> _What to work on_: Only the pictures are to be left out; write out the rest of the data exactly.

━━━ Exercise data

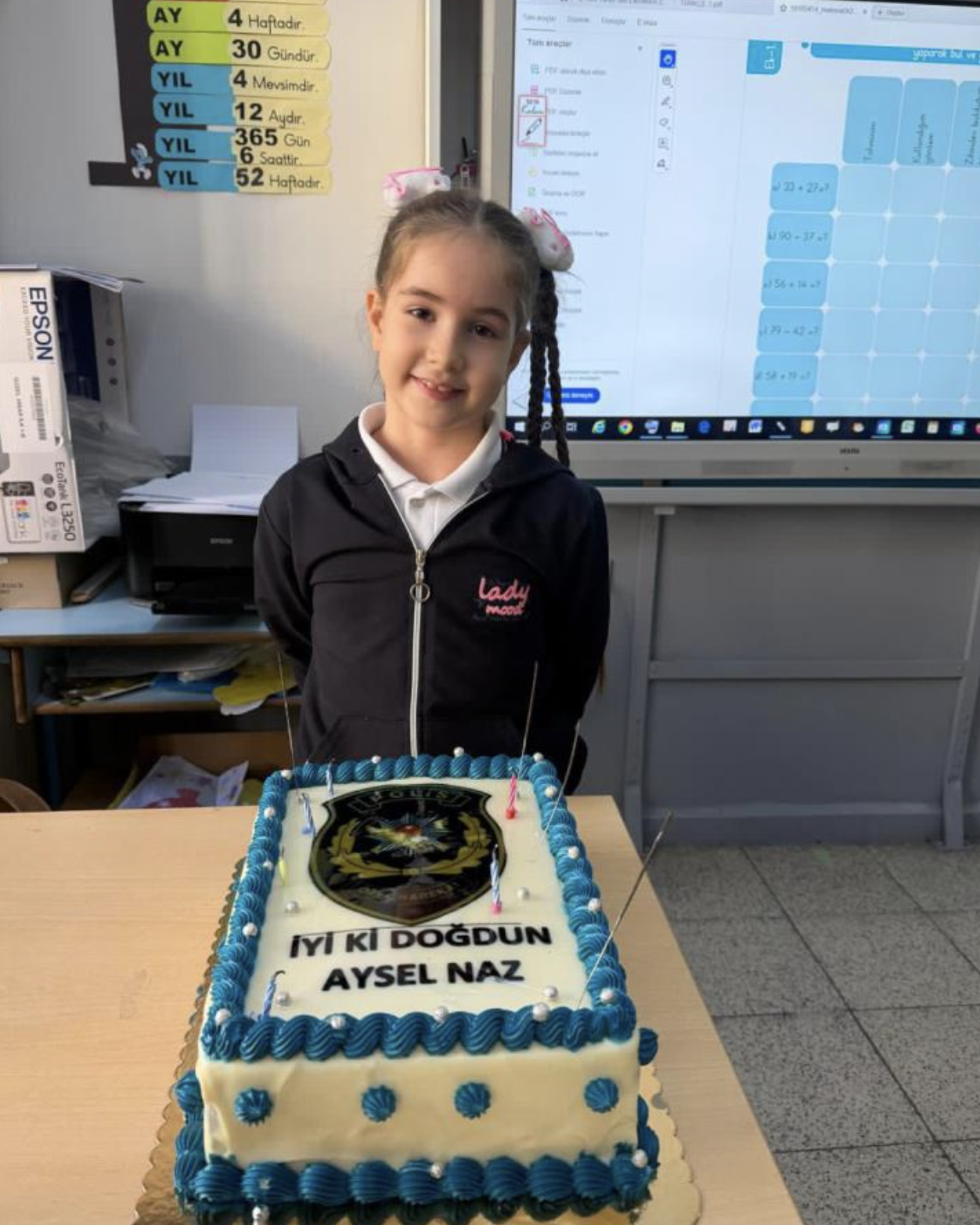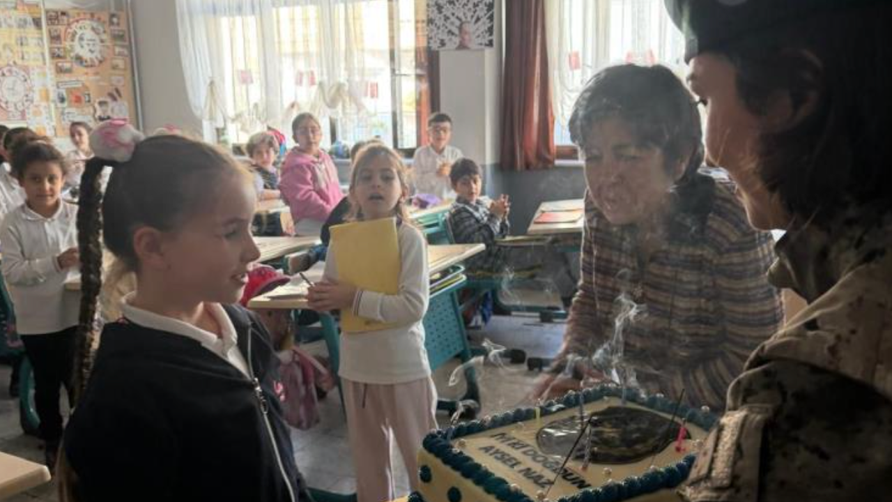 İlkokul ikinci sınıf öğrencisi olan Aysel Naz’ın sınıfına giden Özel Harekat polisleri, pasta ile sınıfa girerek doğum gününü kutladı. Duygusal anların yaşandığı kutlamada minik Aysel Naz’ın mutluluğu dikkat çekti.
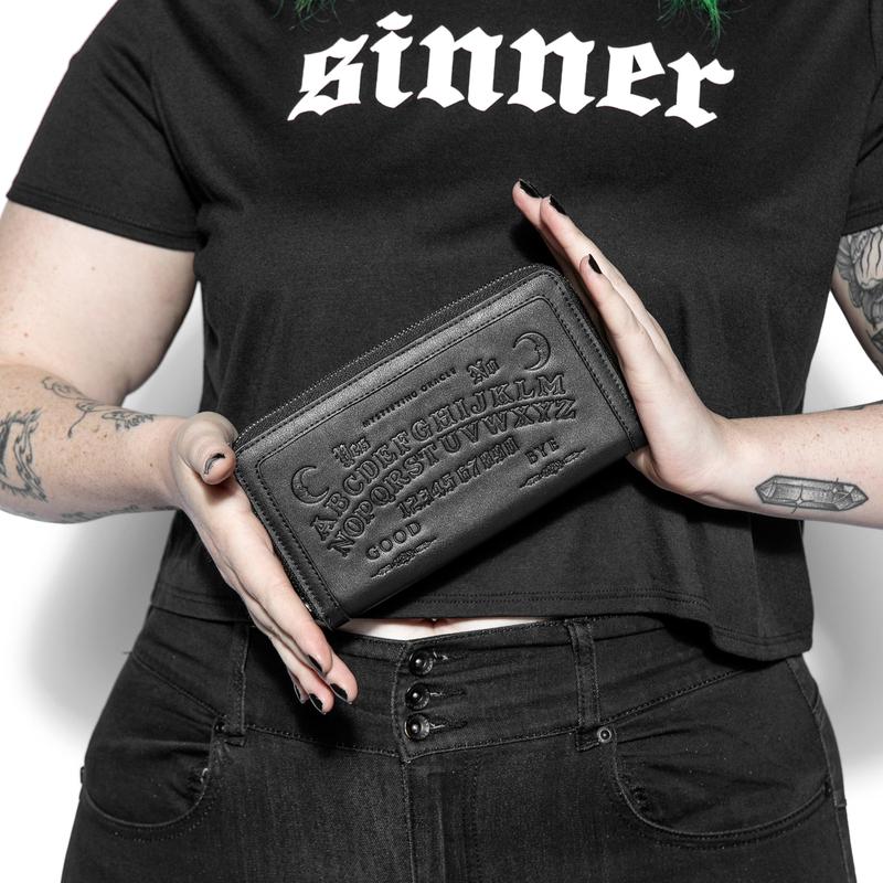 Faux leather zip around wallet with our Ouija design embossed on front. Gunmetal finish Blackcraft logo zipper and metal plaque. Features interior zip pocket as well as 12 credit card slots and custom interior lining.
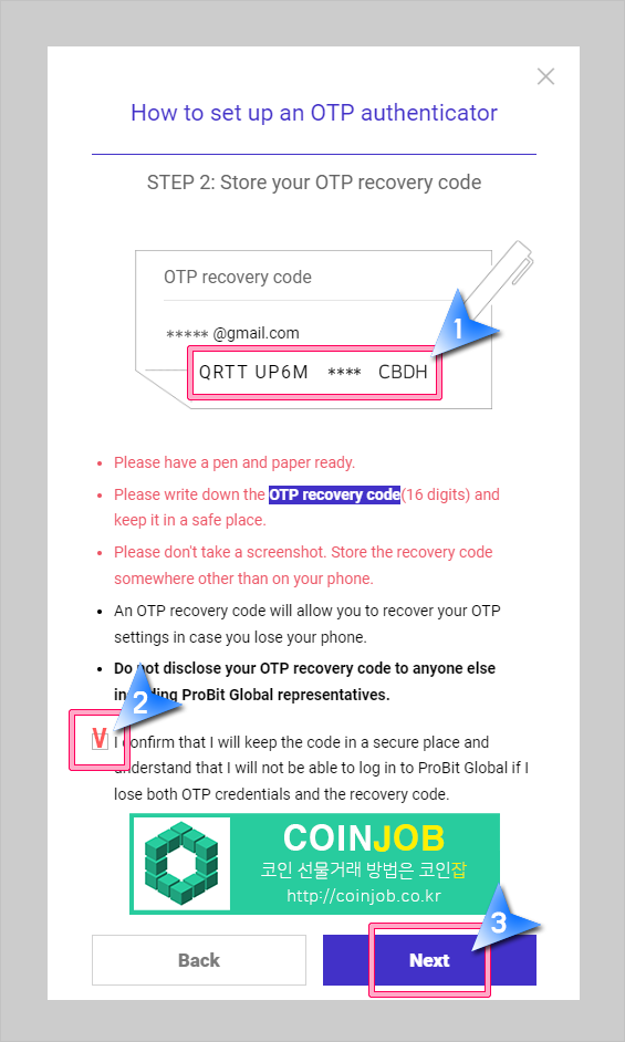 14. OTP 복구 코드입니다. 혹시 휴대폰을 포맷했거나 분실했을 경우에 다시 프로비트 OTP를 복구할 수 있는 코드이니 반드시 메모를 해서 보관하시기 바랍니다. 아래에 체크하시고 Next를 클릭합니다. 또한 바로 뒤의 과정에서도 복구코드를 다시 입력해야 하니 반드시 메모하세요.

━━━━━━

> _Expected answer_:
 İlkokul ikinci sınıf öğrencisi olan Aysel Naz’ın sınıfına giden Özel Harekat polisleri, pasta ile sınıfa girerek doğum gününü kutladı. Duygusal anların yaşandığı kutlamada minik Aysel Naz’ın mutluluğu dikkat çekti.
 Faux leather zip around wallet with our Ouija design embossed on front. Gunmetal finish Blackcraft logo zipper and metal plaque. Features interior zip pocket as well as 12 credit card slots and custom interior lining.
 14. OTP 복구 코드입니다. 혹시 휴대폰을 포맷했거나 분실했을 경우에 다시 프로비트 OTP를 복구할 수 있는 코드이니 반드시 메모를 해서 보관하시기 바랍니다. 아래에 체크하시고 Next를 클릭합니다. 또한 바로 뒤의 과정에서도 복구코드를 다시 입력해야 하니 반드시 메모하세요.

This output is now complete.